*** Opening Information ***

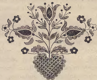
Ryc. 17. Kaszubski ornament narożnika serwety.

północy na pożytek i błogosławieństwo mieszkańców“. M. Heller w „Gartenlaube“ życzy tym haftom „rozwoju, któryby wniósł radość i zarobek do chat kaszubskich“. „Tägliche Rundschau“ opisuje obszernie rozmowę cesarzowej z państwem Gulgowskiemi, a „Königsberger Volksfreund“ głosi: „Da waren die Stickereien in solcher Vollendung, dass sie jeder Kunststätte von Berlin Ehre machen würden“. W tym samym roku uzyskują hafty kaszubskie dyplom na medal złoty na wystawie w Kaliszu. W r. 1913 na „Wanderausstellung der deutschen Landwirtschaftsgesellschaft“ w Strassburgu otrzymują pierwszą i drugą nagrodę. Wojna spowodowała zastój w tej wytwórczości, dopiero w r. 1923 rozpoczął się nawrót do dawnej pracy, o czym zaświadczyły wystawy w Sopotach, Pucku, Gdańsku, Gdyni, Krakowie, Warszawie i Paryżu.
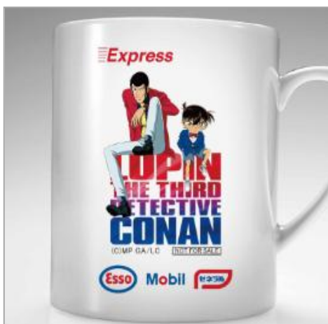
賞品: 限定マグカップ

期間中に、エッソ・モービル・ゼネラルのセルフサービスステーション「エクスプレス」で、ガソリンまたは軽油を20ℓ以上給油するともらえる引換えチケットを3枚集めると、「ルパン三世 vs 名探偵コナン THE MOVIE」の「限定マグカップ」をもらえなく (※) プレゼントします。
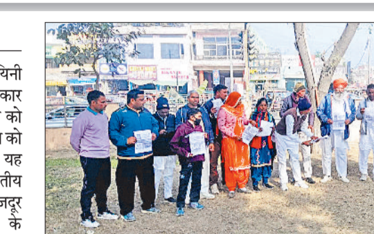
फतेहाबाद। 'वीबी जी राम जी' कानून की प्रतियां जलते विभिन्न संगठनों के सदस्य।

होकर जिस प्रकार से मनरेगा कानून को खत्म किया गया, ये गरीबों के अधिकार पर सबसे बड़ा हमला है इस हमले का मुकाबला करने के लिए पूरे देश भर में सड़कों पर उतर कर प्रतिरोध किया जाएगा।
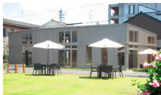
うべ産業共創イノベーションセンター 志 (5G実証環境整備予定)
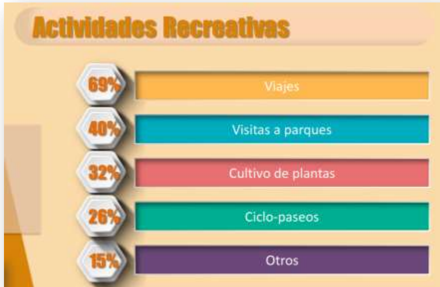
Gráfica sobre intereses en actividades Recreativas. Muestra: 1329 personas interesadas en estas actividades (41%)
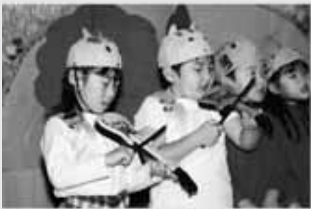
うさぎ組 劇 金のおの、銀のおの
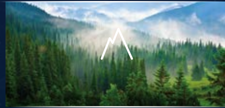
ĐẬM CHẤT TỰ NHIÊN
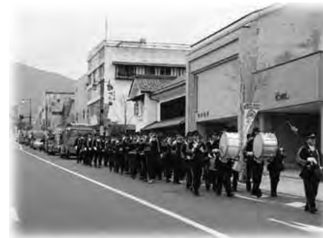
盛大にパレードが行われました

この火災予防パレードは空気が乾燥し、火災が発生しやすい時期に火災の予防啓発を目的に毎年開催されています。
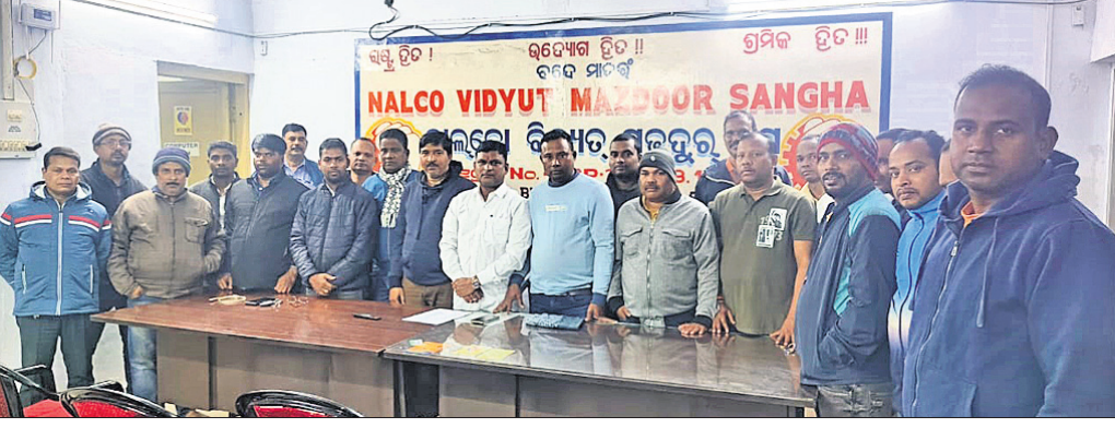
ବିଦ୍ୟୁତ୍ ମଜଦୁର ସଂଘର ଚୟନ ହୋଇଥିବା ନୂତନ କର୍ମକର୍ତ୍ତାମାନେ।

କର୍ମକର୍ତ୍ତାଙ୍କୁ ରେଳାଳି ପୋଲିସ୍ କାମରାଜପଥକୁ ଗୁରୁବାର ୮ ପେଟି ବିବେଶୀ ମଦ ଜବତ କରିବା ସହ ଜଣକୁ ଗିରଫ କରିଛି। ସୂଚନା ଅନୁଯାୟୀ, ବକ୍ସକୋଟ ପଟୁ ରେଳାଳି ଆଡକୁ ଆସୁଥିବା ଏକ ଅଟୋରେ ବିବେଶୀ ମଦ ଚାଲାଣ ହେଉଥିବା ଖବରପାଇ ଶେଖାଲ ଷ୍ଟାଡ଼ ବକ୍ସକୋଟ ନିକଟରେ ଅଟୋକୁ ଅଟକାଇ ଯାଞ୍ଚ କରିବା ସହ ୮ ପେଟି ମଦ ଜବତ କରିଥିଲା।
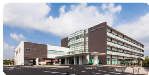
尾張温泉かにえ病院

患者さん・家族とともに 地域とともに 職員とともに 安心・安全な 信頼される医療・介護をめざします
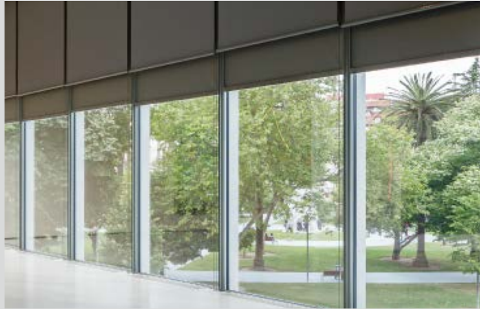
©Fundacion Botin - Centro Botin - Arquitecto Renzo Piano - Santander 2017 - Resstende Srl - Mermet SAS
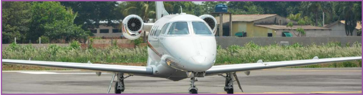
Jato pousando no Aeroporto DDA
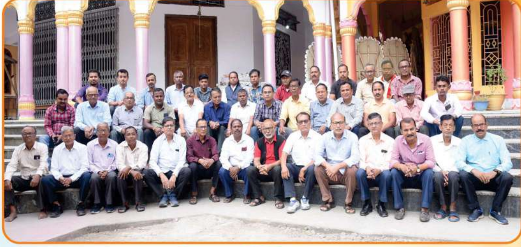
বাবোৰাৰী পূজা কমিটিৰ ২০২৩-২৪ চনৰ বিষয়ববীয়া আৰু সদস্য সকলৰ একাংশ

*** Closing Information ***
*** Opening Information ***

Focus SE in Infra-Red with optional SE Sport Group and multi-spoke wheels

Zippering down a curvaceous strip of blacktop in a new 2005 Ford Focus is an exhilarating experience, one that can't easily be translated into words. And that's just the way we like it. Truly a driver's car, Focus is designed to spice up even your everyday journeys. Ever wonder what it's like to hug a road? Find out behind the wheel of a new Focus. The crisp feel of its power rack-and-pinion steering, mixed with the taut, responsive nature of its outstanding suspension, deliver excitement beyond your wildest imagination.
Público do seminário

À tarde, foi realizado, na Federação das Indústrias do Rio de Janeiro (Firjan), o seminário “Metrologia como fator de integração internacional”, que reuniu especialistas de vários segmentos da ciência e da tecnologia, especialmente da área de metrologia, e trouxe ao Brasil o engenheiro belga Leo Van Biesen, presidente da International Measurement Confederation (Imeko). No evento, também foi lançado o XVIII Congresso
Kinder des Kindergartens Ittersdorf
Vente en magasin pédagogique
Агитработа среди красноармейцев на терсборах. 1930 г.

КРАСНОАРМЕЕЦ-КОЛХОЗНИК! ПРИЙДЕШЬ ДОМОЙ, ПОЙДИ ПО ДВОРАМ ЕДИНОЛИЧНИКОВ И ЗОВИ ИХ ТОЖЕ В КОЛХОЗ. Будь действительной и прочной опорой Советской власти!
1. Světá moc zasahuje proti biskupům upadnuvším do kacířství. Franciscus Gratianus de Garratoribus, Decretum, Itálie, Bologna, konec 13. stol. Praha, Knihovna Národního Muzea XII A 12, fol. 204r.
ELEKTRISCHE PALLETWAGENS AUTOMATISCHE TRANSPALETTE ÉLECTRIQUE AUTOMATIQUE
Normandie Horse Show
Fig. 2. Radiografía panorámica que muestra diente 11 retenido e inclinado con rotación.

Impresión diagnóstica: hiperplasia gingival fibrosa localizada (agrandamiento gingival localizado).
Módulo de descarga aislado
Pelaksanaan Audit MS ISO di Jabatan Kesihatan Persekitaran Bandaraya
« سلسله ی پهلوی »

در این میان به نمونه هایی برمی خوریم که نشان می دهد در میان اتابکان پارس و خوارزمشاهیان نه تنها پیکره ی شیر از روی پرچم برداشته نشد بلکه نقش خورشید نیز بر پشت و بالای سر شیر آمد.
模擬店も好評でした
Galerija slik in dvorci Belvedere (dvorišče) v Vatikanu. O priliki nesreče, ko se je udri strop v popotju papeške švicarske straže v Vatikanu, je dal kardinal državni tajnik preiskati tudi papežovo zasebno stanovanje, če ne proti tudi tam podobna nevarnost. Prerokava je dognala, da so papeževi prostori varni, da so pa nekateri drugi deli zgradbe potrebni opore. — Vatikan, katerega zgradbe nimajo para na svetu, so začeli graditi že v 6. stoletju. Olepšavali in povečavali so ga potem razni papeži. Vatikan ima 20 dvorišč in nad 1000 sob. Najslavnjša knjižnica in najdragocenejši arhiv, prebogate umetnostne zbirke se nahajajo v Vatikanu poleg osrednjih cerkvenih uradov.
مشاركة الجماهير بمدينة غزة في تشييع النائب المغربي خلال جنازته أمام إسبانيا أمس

*** Closing Information ***
*** Opening Information ***

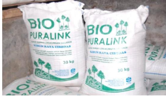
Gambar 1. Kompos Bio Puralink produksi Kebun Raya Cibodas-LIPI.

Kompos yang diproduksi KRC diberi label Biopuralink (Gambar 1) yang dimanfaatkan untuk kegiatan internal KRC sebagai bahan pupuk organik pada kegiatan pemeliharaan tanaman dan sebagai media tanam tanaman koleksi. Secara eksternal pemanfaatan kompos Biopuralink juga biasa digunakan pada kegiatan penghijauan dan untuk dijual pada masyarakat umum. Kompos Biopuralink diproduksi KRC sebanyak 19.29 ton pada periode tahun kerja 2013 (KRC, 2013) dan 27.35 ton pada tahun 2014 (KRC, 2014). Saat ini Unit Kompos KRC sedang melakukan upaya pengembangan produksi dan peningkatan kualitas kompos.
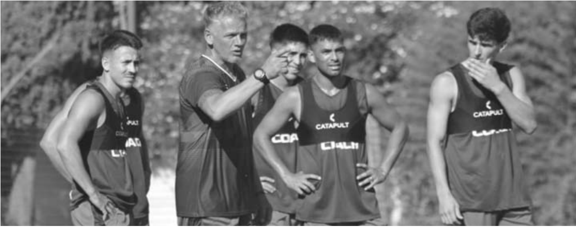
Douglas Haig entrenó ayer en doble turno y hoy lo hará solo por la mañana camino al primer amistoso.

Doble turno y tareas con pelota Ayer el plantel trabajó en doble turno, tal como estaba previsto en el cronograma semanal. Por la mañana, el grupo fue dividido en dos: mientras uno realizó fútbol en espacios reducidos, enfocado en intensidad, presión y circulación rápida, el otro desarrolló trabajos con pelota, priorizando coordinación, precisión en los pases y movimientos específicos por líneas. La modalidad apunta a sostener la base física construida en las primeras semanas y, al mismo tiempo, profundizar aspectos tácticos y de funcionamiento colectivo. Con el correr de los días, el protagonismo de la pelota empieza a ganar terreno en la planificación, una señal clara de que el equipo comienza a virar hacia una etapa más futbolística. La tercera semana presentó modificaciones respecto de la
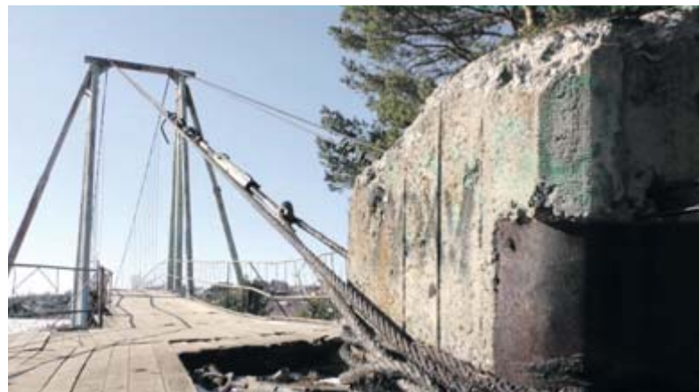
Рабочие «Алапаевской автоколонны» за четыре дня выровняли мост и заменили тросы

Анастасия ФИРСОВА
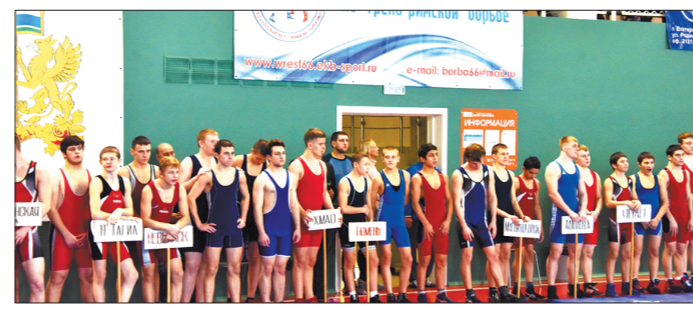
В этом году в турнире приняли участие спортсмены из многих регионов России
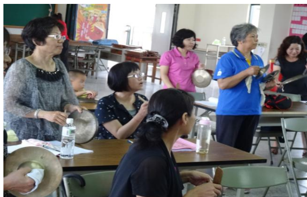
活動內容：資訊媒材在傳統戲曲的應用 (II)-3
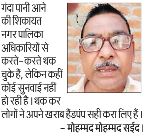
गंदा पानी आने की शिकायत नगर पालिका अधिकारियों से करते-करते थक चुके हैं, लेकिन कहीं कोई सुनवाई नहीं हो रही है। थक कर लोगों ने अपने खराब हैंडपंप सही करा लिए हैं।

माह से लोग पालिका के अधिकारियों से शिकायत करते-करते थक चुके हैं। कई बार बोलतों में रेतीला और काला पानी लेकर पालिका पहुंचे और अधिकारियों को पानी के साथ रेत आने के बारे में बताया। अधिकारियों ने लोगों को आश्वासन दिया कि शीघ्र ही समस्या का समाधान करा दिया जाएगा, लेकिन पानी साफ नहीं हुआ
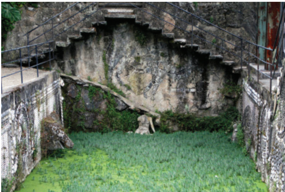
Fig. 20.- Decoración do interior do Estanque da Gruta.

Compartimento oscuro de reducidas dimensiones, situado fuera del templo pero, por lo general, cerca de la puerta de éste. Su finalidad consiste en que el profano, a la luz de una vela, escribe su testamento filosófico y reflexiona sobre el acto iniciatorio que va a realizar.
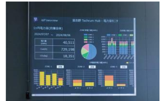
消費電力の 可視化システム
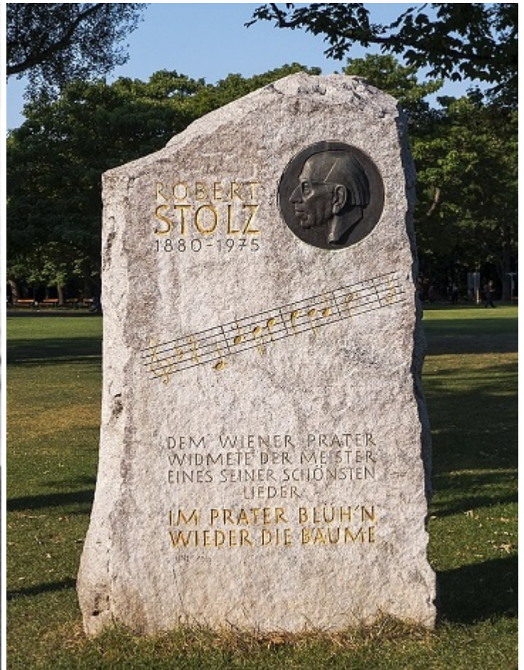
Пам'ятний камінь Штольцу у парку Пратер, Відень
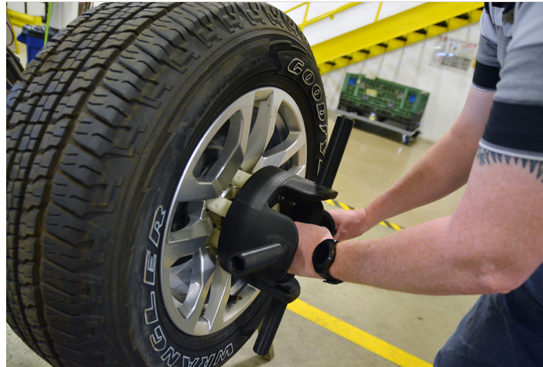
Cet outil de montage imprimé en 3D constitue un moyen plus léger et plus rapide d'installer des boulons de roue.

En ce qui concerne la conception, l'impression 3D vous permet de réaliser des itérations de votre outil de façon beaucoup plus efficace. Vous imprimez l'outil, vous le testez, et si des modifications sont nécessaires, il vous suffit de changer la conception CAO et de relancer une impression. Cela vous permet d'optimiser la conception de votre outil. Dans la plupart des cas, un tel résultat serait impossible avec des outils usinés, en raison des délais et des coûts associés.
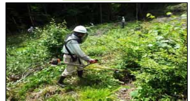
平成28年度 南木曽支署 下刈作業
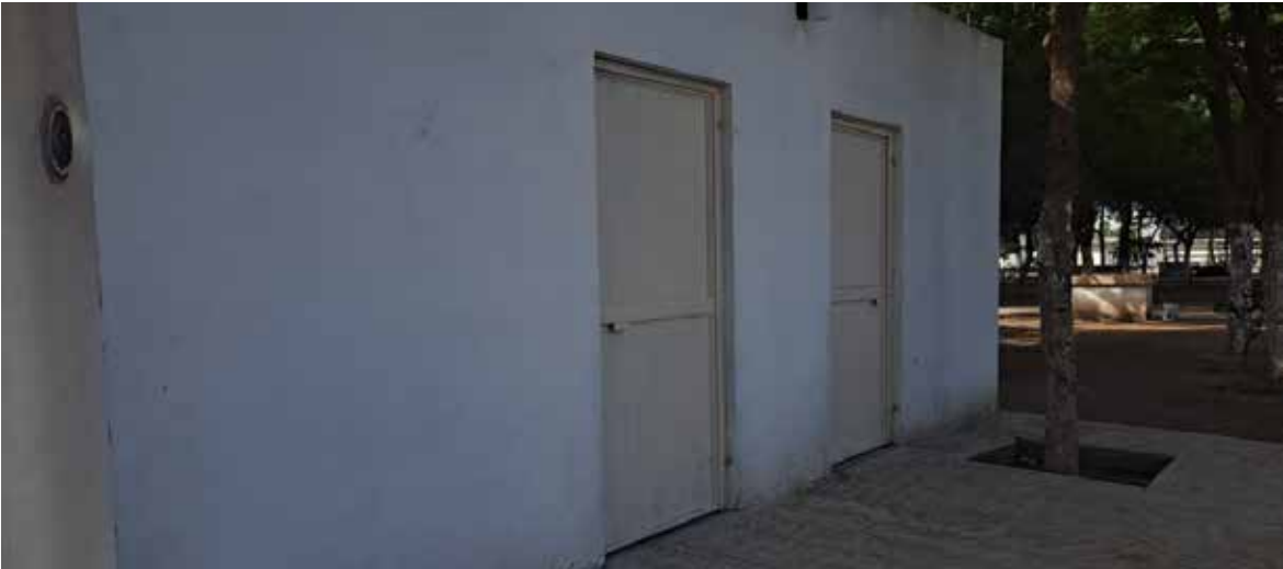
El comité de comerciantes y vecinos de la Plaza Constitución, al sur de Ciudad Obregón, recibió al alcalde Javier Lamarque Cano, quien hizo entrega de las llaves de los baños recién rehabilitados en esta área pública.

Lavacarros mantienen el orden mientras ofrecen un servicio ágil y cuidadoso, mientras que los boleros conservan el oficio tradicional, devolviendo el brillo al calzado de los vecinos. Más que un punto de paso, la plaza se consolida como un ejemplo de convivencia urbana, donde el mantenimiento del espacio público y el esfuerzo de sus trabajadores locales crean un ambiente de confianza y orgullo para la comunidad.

*** Closing Information ***

**What you need to do**
Out of the records above, please copy exactly the lines from the line with "消費電力の 可視化システム" up to and including the line with "El comité de", minus the pictures.

**Answer space**
消費電力の 可視化システム
Пам'ятний камінь Штольцу у парку Пратер, Відень
Cet outil de montage imprimé en 3D constitue un moyen plus léger et plus rapide d'installer des boulons de roue.

En ce qui concerne la conception, l'impression 3D vous permet de réaliser des itérations de votre outil de façon beaucoup plus efficace. Vous imprimez l'outil, vous le testez, et si des modifications sont nécessaires, il vous suffit de changer la conception CAO et de relancer une impression. Cela vous permet d'optimiser la conception de votre outil. Dans la plupart des cas, un tel résultat serait impossible avec des outils usinés, en raison des délais et des coûts associés.
平成28年度 南木曽支署 下刈作業
El comité de comerciantes y vecinos de la Plaza Constitución, al sur de Ciudad Obregón, recibió al alcalde Javier Lamarque Cano, quien hizo entrega de las llaves de los baños recién rehabilitados en esta área pública.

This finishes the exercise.